3. By citing mostly to what other law professors have written, the book makes the IP-and-justice theme seem newer than it really is. Political scientist Susan Sell, soil scientist Geoff Tansey and others have been writing on this topic since the 1990s at least, but never are mentioned. (See also anthropologist James Leach, mentioned above.) Aside from a narrow and passing reference in a footnote (@234n67), the topic of food isn't discussed -- a missed opportunity, because it could have provided very persuasive illustrations of how IP, health, culture and justice intersect. See, e.g., the terrific edited volume from 2008, "The Future Control of Food," Geoff Tansey & Tasmin Rajotte, eds. (Earthscan/IDRC 2008). You can download an e-book version for free. BTW, it's far more detailed about how the nuts and bolts of IP laws affect justice issues than is the present one.
Some earlier works by legal academics connecting the CA with IP aren't cited either, although some of their authors (e.g., Margaret Chon, Julie Cohen) are at least given generic mention in the Acknowledgments. And as for cites to non-lawyers: to be fair, a few of the fave philosophers of cultural studies do get mentioned in this book, e.g. Foucault, Bourdieu, Habermas and Walter Benjamin, though this last, at least, is given an interpretation not readily found in his text (@55).
4. Smaller things: (i) From an IP law practitioner's POV, the book is overly optimistic in believing that, thanks to the Internet, difficulties in finding owners of IP interests and in getting them to agree to licenses will "vanish" (@102).
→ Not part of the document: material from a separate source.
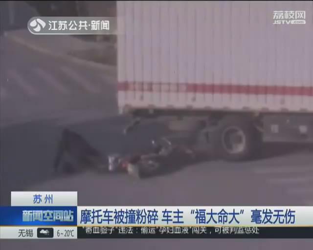 近日,苏州吴江的一个路口发生了惊险一幕!一辆大货车与摩托车相撞,摩托车被撞得粉碎,好在奇迹发生,驾驶员毫发无伤,来看看当时的监控。
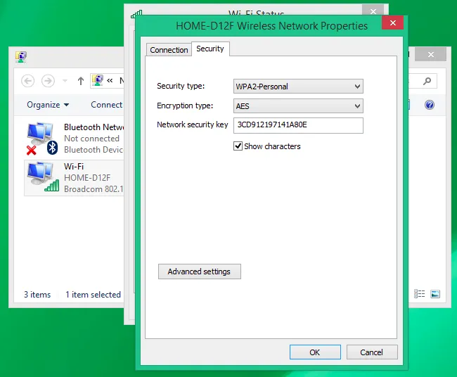 - Bước 2: Tiếp theo, người dùng chỉ cần chuyển sang thẻ Security và đánh dấu chọn vào mục Show Characters, lúc này mật khẩu Wi-Fi sẽ hiển thị ở phần Network Security.

One problem is that the impacts of deaths and divorces on IP ownership don't always show up, promptly or sometimes at all, in public records; nor does the Internet eliminate individual orneriness and greed. (ii) For a book so concerned with "misrecognition" of cultural contributions (@2), it's sad to see Winnie the Pooh described as "Disney's most valuable character" without naming his literary creator (A.A. Milne), the original illustrator (E.H. Shepard), or -- and this is a *perfect* illustration of MS's theme -- the unnamed designers of Milne's son's actual stuffed animal toys, which are the obvious role models for Shepard's drawings in the original books. Check out the Wikipedia photo of the toys, which have been displayed in NYC's 42nd Street Library for 25 years. (A more arcane misrecognition: the attribution of the term "lifeworld" to Habermas @62, without mentioning he got it from Edmund Husserl.) (iii) And in a couple of places "Antarctica" is stated as the name of a drink made from guaraná berries (@144, p.3 of illustrations), when actually it's the name of a hugely popular Brazilian beer, and before some mergers, the largest beverage company in South America. The brand of drink MS means is "Guaraná Antarctica" -- trivial thing, perhaps, but it is a book about IP and "misrecognition," after all.
A wag of the finger to Yale University Press for the double-whammy of omitting a list of references, and failing to include the endnotes when indexing. As a result, it's impossible to see what authors MS cites to, or what topics she mentions in the longer endnotes, without reading them all seriatim. Despite the depth with which I've described some of my reservations about the book, I definitely recommend it if it never occurred to you that IP and justice have any connection to each other -- which unfortunately describes not only many non-lawyers, but many IP practitioners as well.